4. Keuntungan Mudarabah adalah jumlah yang didapat sebagai kelebihan dari modal.

Syarat keuntungan berikut ini harus dipenuhi:

a. Harus diperuntukkan bagi kedua pihak dan tidak boleh disyaratkan hanya untuk

satu pihak.

b. Bagian keuntungan proporsional bagi setiap pihak harus diketahui dan

dinyatakan pada waktu kontrak disepakati dan harus dalam bentuk prosentasi

(nisbah) dari keuntungan sesuai kesepakatan. Perubahan nisbah harus

berdasarkan kesepakatan.

c. Penyedia dana menanggung semua kerugian akibat dari Mudarabah, dan

pengelola tidak boleh menanggung kerugian apapun kecuali diakibatkan dari

kesalahan disengaja, kelalaian, atau pelanggaran kesepakatan.
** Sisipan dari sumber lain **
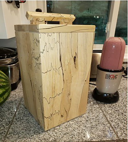 My morning routine includes making a smoothie in the blender, which would wake everybody up in the house much earlier than they liked. So I built a blender garage with sound deadening foam lining the inside walls. I used some really cool spalted maple so it is definitely a conversation starter when we have people over. I’m guessing it’s a one-of-a-kind project, which qualifies it as unusual. – Todd Wanous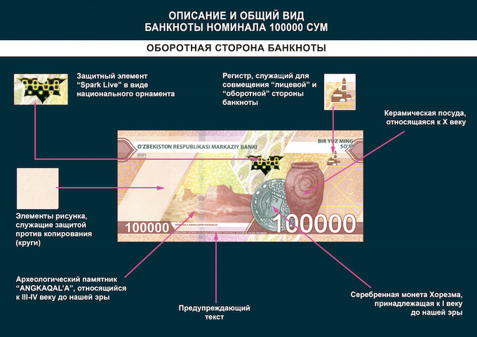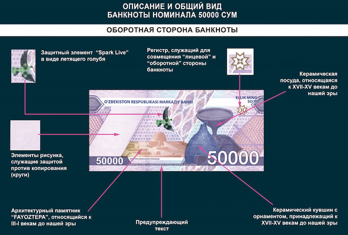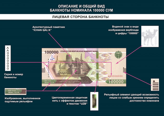 С 22 декабря Центральный банк выпускает в обращение новые банкноты достоинством 50 000 и 100 000 сумов, передает пресс-служба регулятора.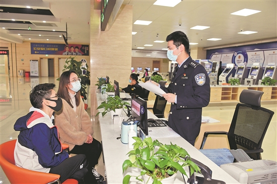 11月22日,在新昌县公安局出入境管理大队办事窗口,工作人员向一名智利籍足球教练(左一)介绍居留延期政策。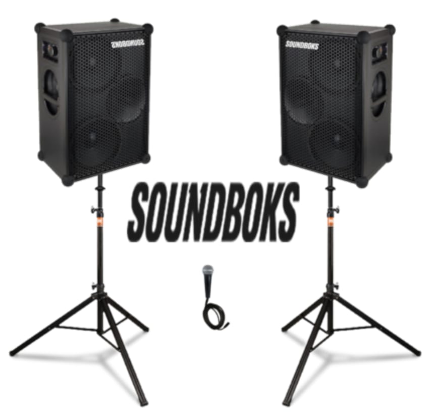 Our Soundbok premium sound system is great for weddings, parties, conferences, funerals or any type of special event! This speaker is bluetooth and can hook up directly to your phone. It also can run from a standard power outlet or off its own battery. Power source not needed, perfect for parks and venues. This system comes with the TWO speakers, TWO stands and TWO corded microphones. Book now!

d. Kegiatan usaha oleh pengelola (mudharib), sebagai perimbangan (muqabil)

modal yang disediakan oleh penyedia dana, harus memperhatikan hal-hal

berikut:

a. Kegiatan usaha adalah hak eksklusif mudharib, tanpa campur tangan

penyedia dana, tetapi ia mempunyai hak untuk melakukan pengawasan.

b. Penyedia dana tidak boleh mempersempit tindakan pengelola sedemikian

rupa yang dapat menghalangi tercapainya tujuan Mudarabah, yaitu

keuntungan.

c. Pengelola tidak boleh menyalahi hukum syariat Islam dalam tindakannya

yang berhubungan dengan Mudarabah, dan harus mematuhi kebiasaan yang

berlaku dalam aktifitas itu.

Ketiga: Beberapa Ketentuan Hukum Pembiayaan

1. Mudarabah boleh dibatasi pada periode tertentu.

2. Kontrak tidak boleh dikaitkan (mu’allaq) dengan sebuah kejadian di masa depan

yang belum tentu terjadi.

3. Pada dasarnya, dalam Mudarabah tidak ada ganti rugi, karena pada dasarnya akad

ini bersifat amanah (yad al-amanah), kecuali akibat dari kesalahan disengaja,

kelalaian, atau pelanggaran kesepakatan.

4. Jika salah satu pihak tidak menunaikan kewajibannya atau jika terjadi perselisihan di

antara kedua belah pihak, maka penyelesaiannya dilakukan melalui Badan Arbitrasi

Syariah setelah tidak tercapai kesepakatan melalui musyawarah.